Today, we learn to solve the equation of proportionality. we will see that the solution to $\frac{dy}{dt} = ky$ is always the Exponential Function ($y = Ce^{kt}$). we are learning that the "Abundant Life" promised by Jesus is the natural solution to the Source Code of His Kingdom.
1. Move all Y's to the left: $\frac{1}{y} dy = k dt$
2. Integrate both sides: $\int \frac{1}{y} dy = \int k dt$
3. Solve: $\ln|y| = kt + C$
4. Exponentiate: $y = e^{kt + C} = e^{kt} \cdot e^C$
5. Simplify: $\mathbf{y = Ae^{kt}}$ (where $A$ is the initial amount).
"The 'PERT' formula from Volume 2 is actually the **Solution Curve** to the most basic law of life."The Rupture: The student integrates $\frac{dy}{dt} = ky$ and says $y = \frac{1}{2}ky^2$.
The Repair: "Watchman, you have ignored the **Structure of the Flow**! You cannot integrate $y$ with respect to $dt$ as if it were an $x$. $y$ is the **Subject**, not the **Variable**. You must 'Exodus' the $y$ to the other side of the equals sign ($\frac{1}{y} dy$) before you can apply the integral. You must speak to the subject in its own language ($dy$). Only then will the Natural Log reveal the true path of the abundance."
1. **Rate Check**: Is the speed given as a percentage of the total? (e.g., 'Grows at 5% per year'). This means $k=0.05$.
2. **Equation Check**: Write $\frac{dy}{dt} = ky$ immediately to define the system.
3. **Initial State**: Use $y(0) = A$ to anchor the exponential curve.
The older student should use a bowl of water and a sponge. "Look, if the sponge is dry, it drinks up water very fast. As it gets full, it drinks slower. Its speed depends on how much room is left."
The older student must explain: "In my math, I have a rule called a Differential Equation that calculates exactly how fast the sponge is drinking. It's the law of 'How much you have changes how fast you grow'."
In a certain region, the rate at which the number of believers ($B$) grows is proportional to the number of current believers. $\frac{dB}{dt} = 0.15B$. At $t = 0$, there are 100 believers.
Task 1: Find the particular solution $B(t)$.
Task 2: How many believers will there be after 20 years of continuous growth?

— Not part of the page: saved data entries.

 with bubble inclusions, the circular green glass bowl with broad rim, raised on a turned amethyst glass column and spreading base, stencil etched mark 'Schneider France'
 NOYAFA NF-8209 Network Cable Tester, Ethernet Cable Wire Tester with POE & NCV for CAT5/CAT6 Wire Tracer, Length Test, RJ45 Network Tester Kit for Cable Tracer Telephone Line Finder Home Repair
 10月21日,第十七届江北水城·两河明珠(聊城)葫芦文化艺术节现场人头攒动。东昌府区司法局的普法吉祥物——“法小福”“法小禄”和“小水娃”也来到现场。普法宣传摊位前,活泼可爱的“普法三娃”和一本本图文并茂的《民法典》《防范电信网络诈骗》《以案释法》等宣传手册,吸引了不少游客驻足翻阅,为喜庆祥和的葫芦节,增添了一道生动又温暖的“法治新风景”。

Theological Requirement: The constant $k=0.15$ represents the "Multiplication Factor." Reflect on what this means in the Spirit. If every believer is "faithful to multiply" at a rate of 15%, the city is transformed. Why is the **Individual Rate** ($k$) more important to God than the **Current Number** ($B$)?

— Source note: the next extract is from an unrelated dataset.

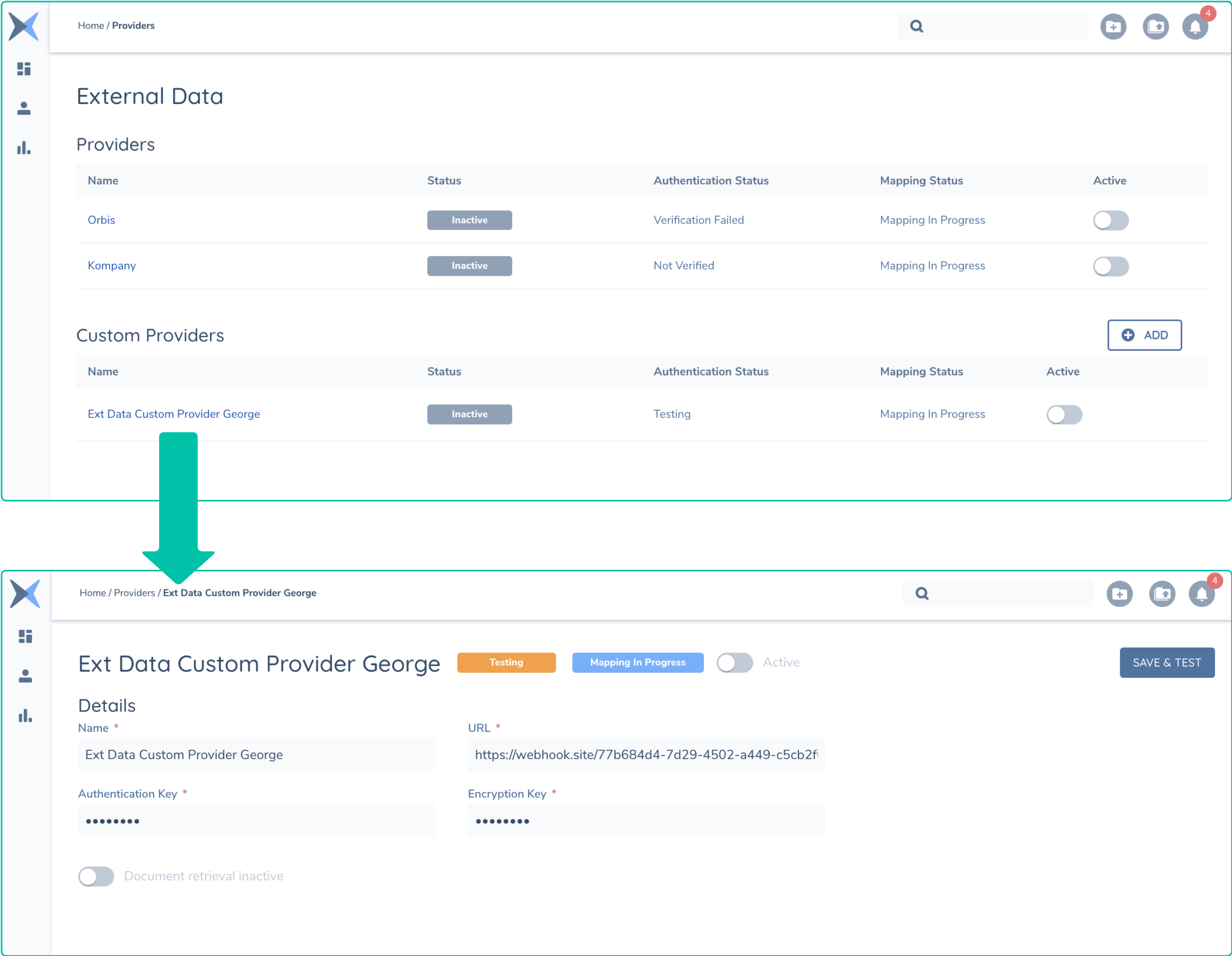 - Create Provider: The Fenergo SaaS Platform has an admin area where a new provider can be created. This will allow you to supply the URL where the adapter is located along with the Encryption and Authentication Keys required to secure the communications. Once entered, a Save and Test button will issue a Test message to the URL you have provided.
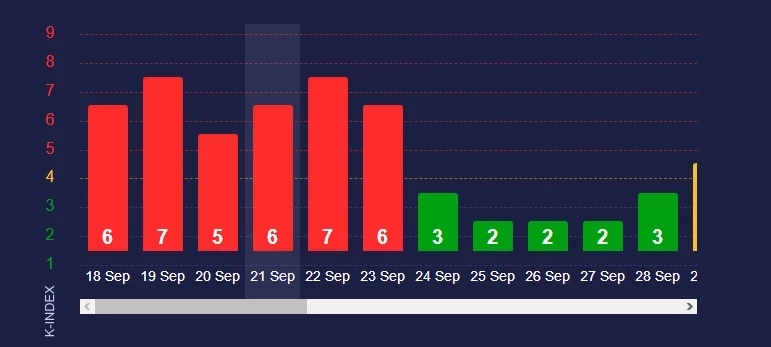 Согласно текущим прогнозам, следующей датой начала геомагнитного шторма станет 27 сентября. С 21:00 (по мск) активность должна усилиться с 2 до 3 баллов. На этом уровне она продержится до следующего вечера. После ожидается суточный пик геомагнитного шторма в 4 балла.

The equation $\frac{dy}{dt} = -k(y - T)$ is called a **Shifted Exponential**.
It teaches us the **Law of the Ambient**. We are always "Cooling" or "Warming" toward the temperature of our environment. If our environment is God's Presence ($T = \text{Holy}$), we will eventually reach His state of being. The closer we get, the "Gentler" the pull becomes. This is the math of **Sanctification toward Peace**.
This is the "Bridge" to the final lesson. Ensure the student is comfortable with the transition from the Derivative Equation ($y' = ky$) to the Functional Equation ($y = Ae^{kt}$).
"One is the Command; the other is the Life." If they understand this connection, they have mastered the core of Volume 3.